TACC / Lmod

Lmod: An Environment Module System based on Lua, Reads TCL Modules, Supports a Software Hierarchy
http://lmod.readthedocs.org
Other
475 stars 122 forks source link

Allow setting .lmod.d location or use XDG convention by default #595

Closed klmr closed 1 year ago

klmr commented 1 year ago

lmod currently creates a hidden directory (.lmod.d) in the user’s home directory that is used for various purposes, notably for the list of default modules and the spider cache. Am I correct in thinking that there is currently no way for users to tell lmod to create this folder at a different location (after installation, that is)?

Many users prefer for applications not to write into their home directories (see e.g. tools such as xdg-ninja, which help reclaiming the home directory). In fact, the XDG base directory specification formalises a convention for different default locations that applications should use on Linux/Unix systems (macOS and Windows have different conventions). Ideally lmod would follow OS conventions (so, on Linux, for example, use ${XDG_CONFIG_HOME-$HOME/.config}/lmod/default and ${XDG_CACHE_HOME-$HOME/.cache}/lmod for the default modules and the user spider cache, respectively). However, as a fallback the location of the .lmod.d folder should be explicitly configurable if users prefer to keep their home directory clean.
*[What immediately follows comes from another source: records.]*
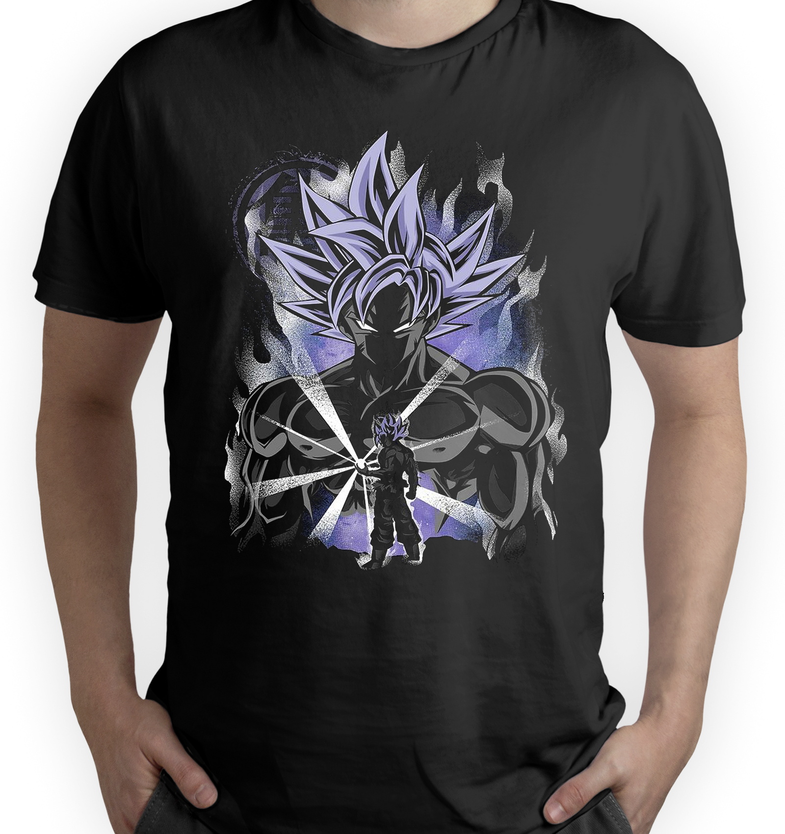 Esta camiseta negra presenta un diseño artístico y complejo de Goku en su estado Ultra Instinto, una de las transformaciones más poderosas vistas en "Dragon Ball Super". El diseño en el frente de la camiseta muestra a Goku centrado, con su cabello característico esculpido en tonos plateados y lilas, simbolizando la culminación de su poder y control. Rodeando a Goku, hay un patrón abstracto y simbólico que se asemeja a un mandala, integrando elementos que parecen círculos y espirales en tonos plateados y grises, lo que añade un aura de misticismo y fuerza sobrenatural.
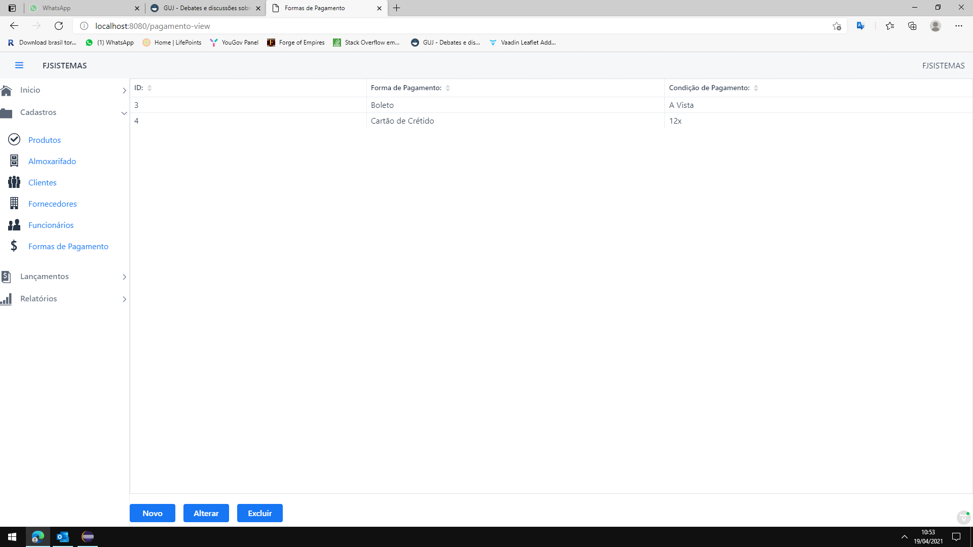 Criei um tela para cadastrar formas de pagamento. Segue tela:
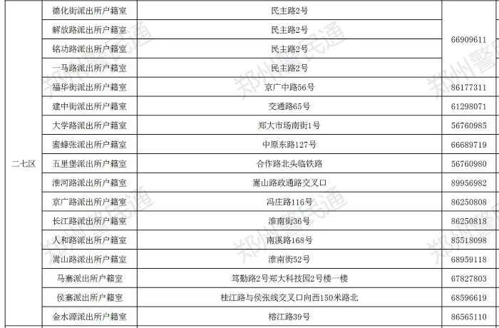 郑州市二七区各派出所户籍室办公地址和户口身份证等咨询电话
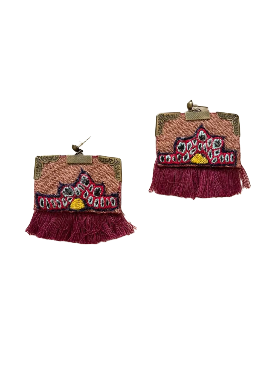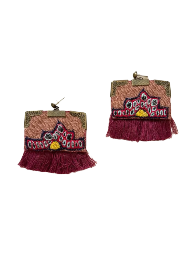 این گوشواره دستدوز است و توسط زنان کرمان به روش پتهدوزی دوخته شده است.
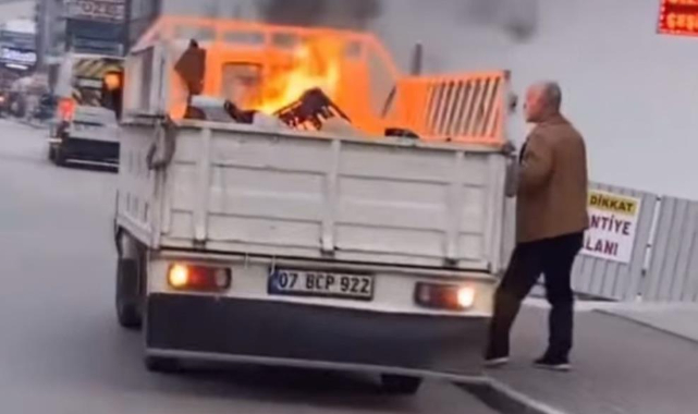 Attığı sigara kamyonetin kasasındaki malzemeleri tutuşturdu
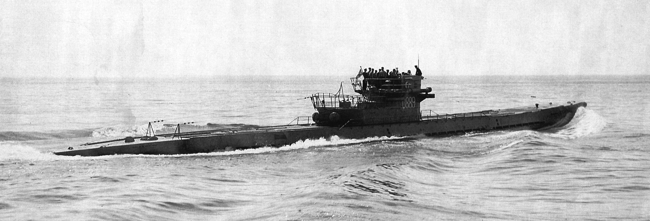 U-889 was commissioned into the Royal Canadian Navy as HMCS U-889 on 14 May 1945, and used for testing and evaluation.  This was one of the most modern and technically advanced submarines in the world and the navy was interested in examining the U-boat in detail.  Of particular interest were her acoustic torpedoes and highly developed German GHG hydrophone array.  U-889 was one of 10 U-boats assigned to the USA.  As a result, a Canadian crew sailed with her on 11 Jan 1946 for Portsmouth New Hampshire.  HMCS U-889 was paid off on 12 Jan 1946 and turned over to the USN at Portsmouth, New Hampshire the same day.  The USN conducted experiments on her special hydrophone gear.  After extensive testing off Florida and in the Caribbean, she was scuttled at sea on 20 Nov 1947 off Cape Cod by USN submarine USS Flying Fish.
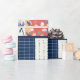 This eye-catching paper pattern combines contemporary florals, gridlines, and polka dots in a bold patchwork design. Featuring a striking palette of navy, coral, mustard, and cream, each square is a celebration of vibrant patterns and textures. The geometric elements and floral accents create a balanced mix of modern aesthetics and natural charm. Perfect for gift wrapping, scrapbooking, or creative DIY projects, this design is versatile and stylish, bringing energy and personality to any creation.
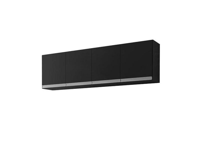 Armário Aéreo Cozinha Andréia 4 Portas 150 cm Preto Fosco Ajl Móveis
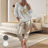 Women's 2 Piece Set: Devil's Eye Gold Foil Top and Sequin Pants Set
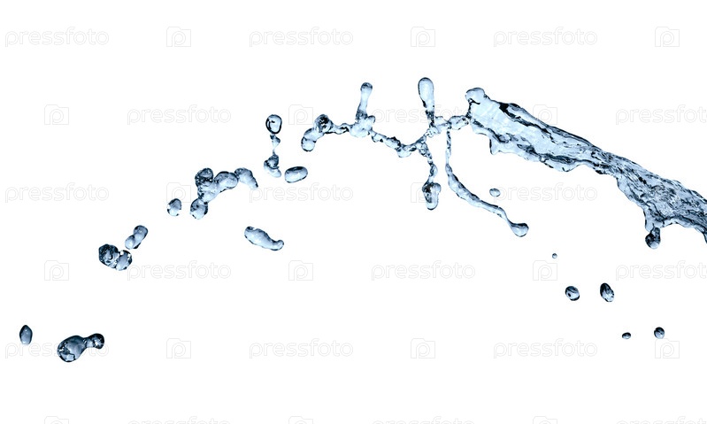 Брызги голубой воды на белом фоне

rtmclay commented 1 year ago

It is possible to have a system configuration to move every users to ~/.lmod.d directory to a different location. It is also possible to switch lmod to use ~/.config/lmod/ and ~/.cache/lmod/ directories.

What is not possible to have individual users control where the config and cache files are located. Many sites, including ours, load modules on behalf of users. The current default file: ~/.lmod.d/default, if it exists, will be read by Lmod from an /etc/profile.d/*.sh or similar file BEFORE a users startup file (i.e. ~/.bashrc, ~/.zshrc ) is sourced. So there is no way that a user could set $XDG_CONFIG_HOME before this happens.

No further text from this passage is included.